Condom invisible : Protection rapprochée
Société

Condom invisible : Protection rapprochée

On entend parler depuis quelque temps de la commercialisation à venir du condom invisible pour femmes. Développé à Québec, il serait bien plus qu’un simple contraceptif ajouté sur le marché; il pourrait s’avérer le premier moyen permettant à la femme de se protéger de façon entièrement autonome contre les MTS. Un pas de plus vers ce qu’il est convenu d’appeler l’égalité des sexes.

N’en déplaise à Jean-Paul II et autres catholiques orthodoxes, la contraception est une réalité sociale depuis des lunes. Évidemment, les connaissances scientifiques n’ayant pas toujours été ce qu’elles sont, l’aspect magico-mythique occupa longtemps une place importante en la matière. Ainsi, durant le règne de l’empereur romain Hadrien (117-138), on recommandait aux femmes, afin d’éviter la conception, de courir, de tousser et même de ne plus respirer! Au Moyen Âge, le philosophe Albert Le Grand soutenait sans sourciller que les femmes qui ne voulaient pas enfanter devaient cracher trois fois dans la bouche d’un crapaud, manger des abeilles ou garder du blé dans la main gauche. On était encore bien loin de la pensée rationnelle et scientifique consacrée au cours des XVIIe et XVIIIe siècles…

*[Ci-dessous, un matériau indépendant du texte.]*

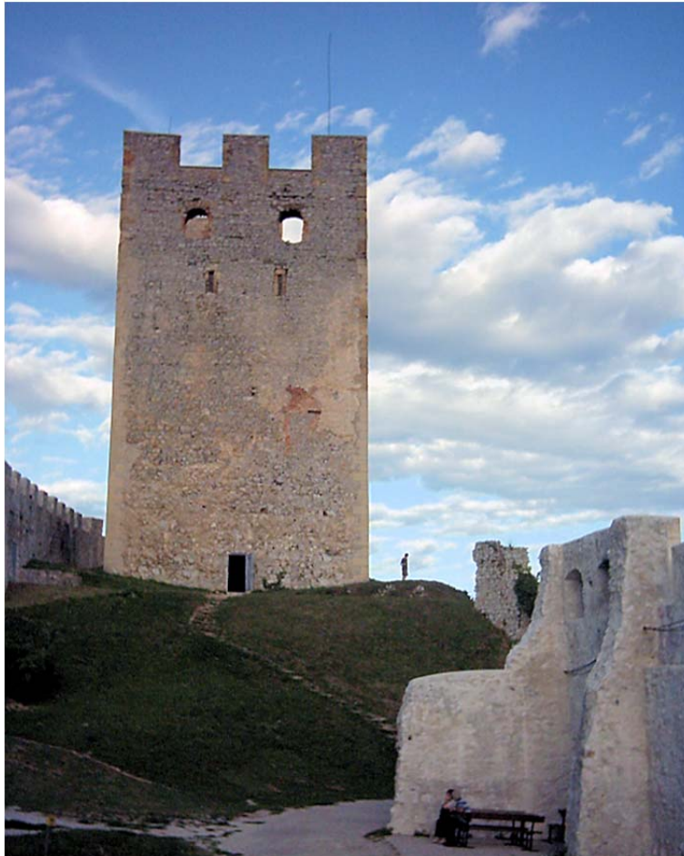
Slika 2 – Friderikov stolp, ostanki mogočnega gradu Celjskih

Sigismund Luksemburški je nasledstvo cesarske krone, Ogrske, Češke ter Zgornje in Spodnje Avstrije zagotovil svojemu zetu Albrehtu V., ki je postal rimsko-nemški kralj Albreht II., a razmeroma mlad umrl še pred rojstvom svojega prvega sina Ladislava. Celjani so imeli trdne sorodstvene zveze z Luksemburžani, ki so na prelomu 15. stoletja v rokah držali cesarsko krono.

Tout pragmatisme n’était cependant pas absent. Des papyrus égyptiens vieux de 4 000 ans témoignent qu’à cette époque, on insérait des excréments de crocodiles ou d’éléphants au fond du vagin des femmes, qui jouaient le rôle de spermicides à cause de leur acidité. Dans l’Antiquité grecque et romaine, de petits tampons faits de toile, de figues, de cèdre et de miel avaient la même fonction, tandis qu’en Inde, ceux-ci étaient faits de sels minéraux imbibés d’huile. À partir du XVIIe siècle, les spermicides à base d’eau et de vinaigre faisaient leur apparition. Au XVIIIe siècle, les Européennes s’introduisaient un morceau de citron près du col de l’utérus; l’acidité de l’agrume faisait le travail.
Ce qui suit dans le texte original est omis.